-- DATA FOR THIS EXERCISE follows --

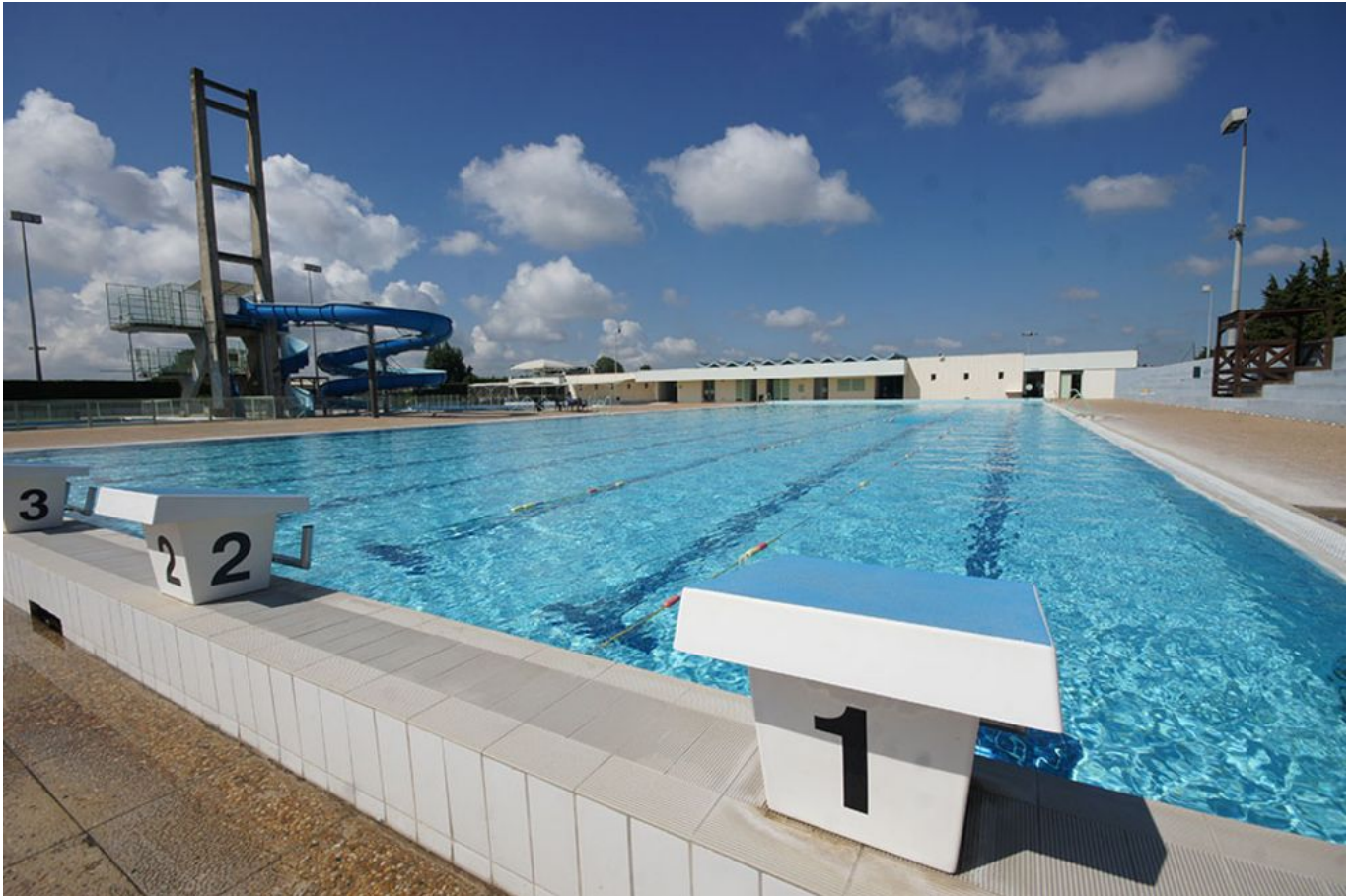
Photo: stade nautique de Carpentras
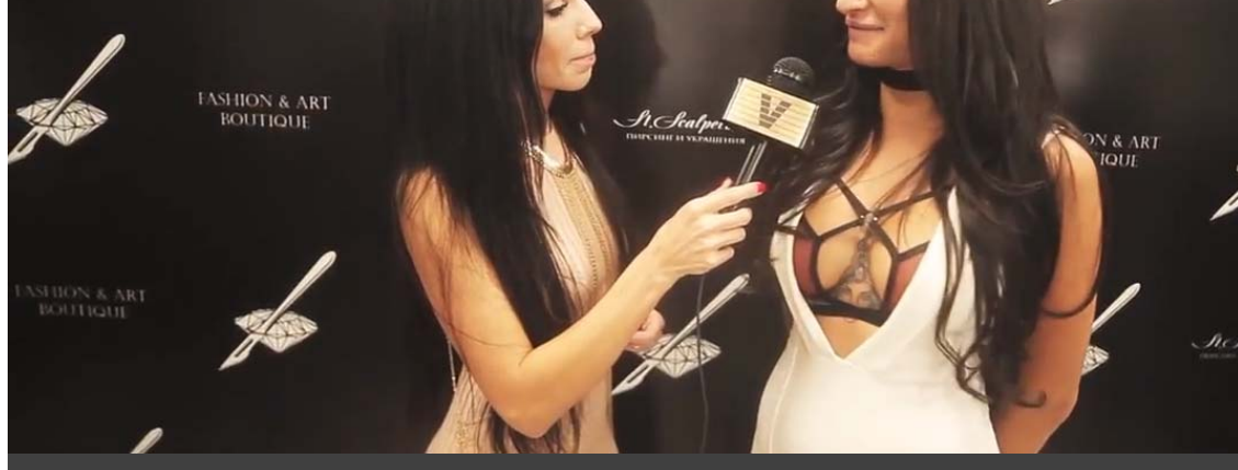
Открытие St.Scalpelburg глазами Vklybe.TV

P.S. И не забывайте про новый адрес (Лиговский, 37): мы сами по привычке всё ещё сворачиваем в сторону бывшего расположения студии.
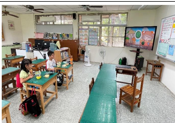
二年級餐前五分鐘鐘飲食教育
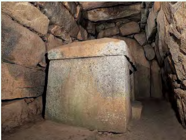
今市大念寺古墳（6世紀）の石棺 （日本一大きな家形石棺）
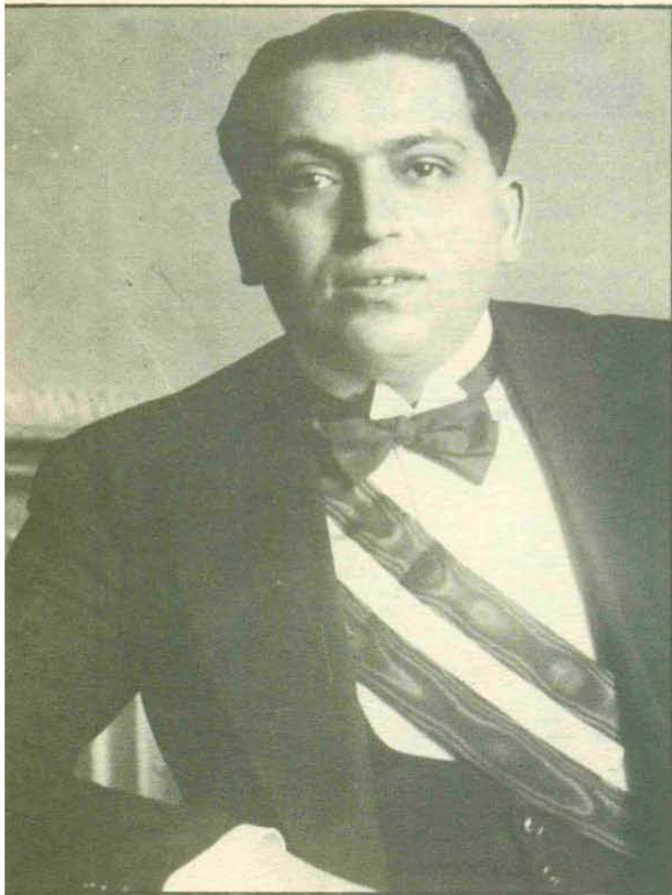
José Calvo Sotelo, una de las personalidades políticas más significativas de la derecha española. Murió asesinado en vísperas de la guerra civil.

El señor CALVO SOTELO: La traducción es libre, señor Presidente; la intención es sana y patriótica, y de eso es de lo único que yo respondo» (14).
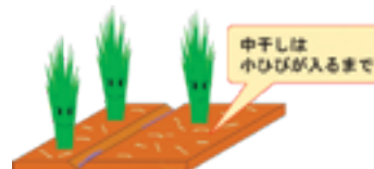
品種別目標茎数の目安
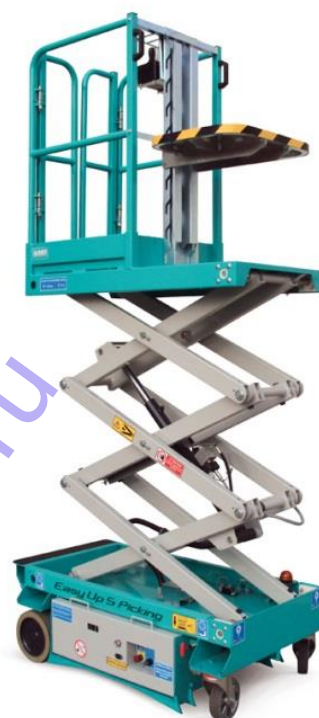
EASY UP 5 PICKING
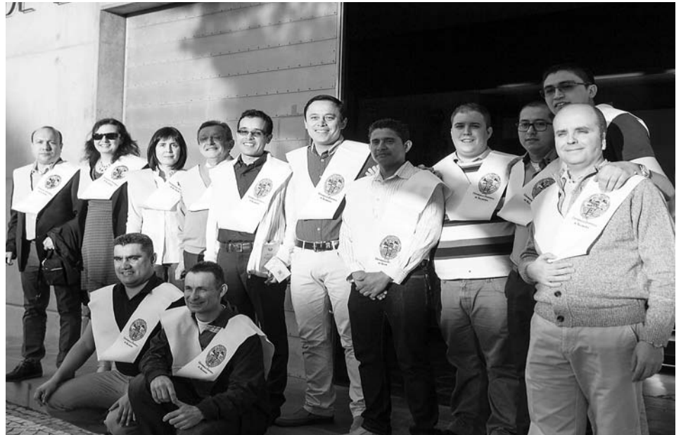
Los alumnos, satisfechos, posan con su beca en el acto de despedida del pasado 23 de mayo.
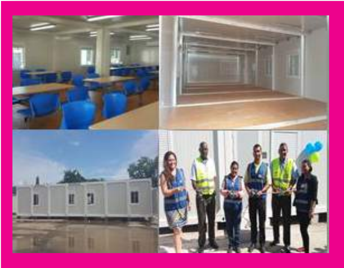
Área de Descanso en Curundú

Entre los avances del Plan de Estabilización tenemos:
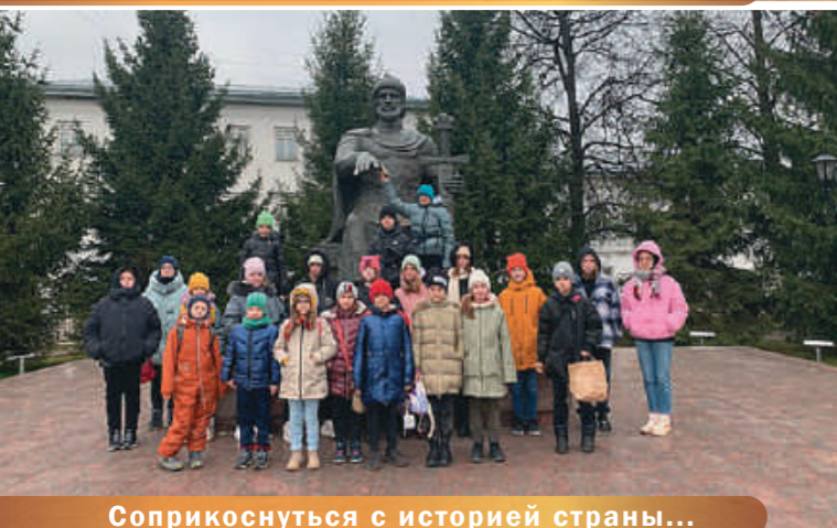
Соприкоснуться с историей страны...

-- DATA FOR THIS EXERCISE concluded --

**REQUIREMENT**
From the line with "Открытие St.Scalpelburg глазами Vklybe.TV" to the last line above, restate each line word for word, but skip the pictures.

**EXERCISE RESULT**
Открытие St.Scalpelburg глазами Vklybe.TV

P.S. И не забывайте про новый адрес (Лиговский, 37): мы сами по привычке всё ещё сворачиваем в сторону бывшего расположения студии.
二年級餐前五分鐘鐘飲食教育
今市大念寺古墳（6世紀）の石棺 （日本一大きな家形石棺）
José Calvo Sotelo, una de las personalidades políticas más significativas de la derecha española. Murió asesinado en vísperas de la guerra civil.

El señor CALVO SOTELO: La traducción es libre, señor Presidente; la intención es sana y patriótica, y de eso es de lo único que yo respondo» (14).
品種別目標茎数の目安
EASY UP 5 PICKING
Los alumnos, satisfechos, posan con su beca en el acto de despedida del pasado 23 de mayo.
Área de Descanso en Curundú

Entre los avances del Plan de Estabilización tenemos:
Соприкоснуться с историей страны...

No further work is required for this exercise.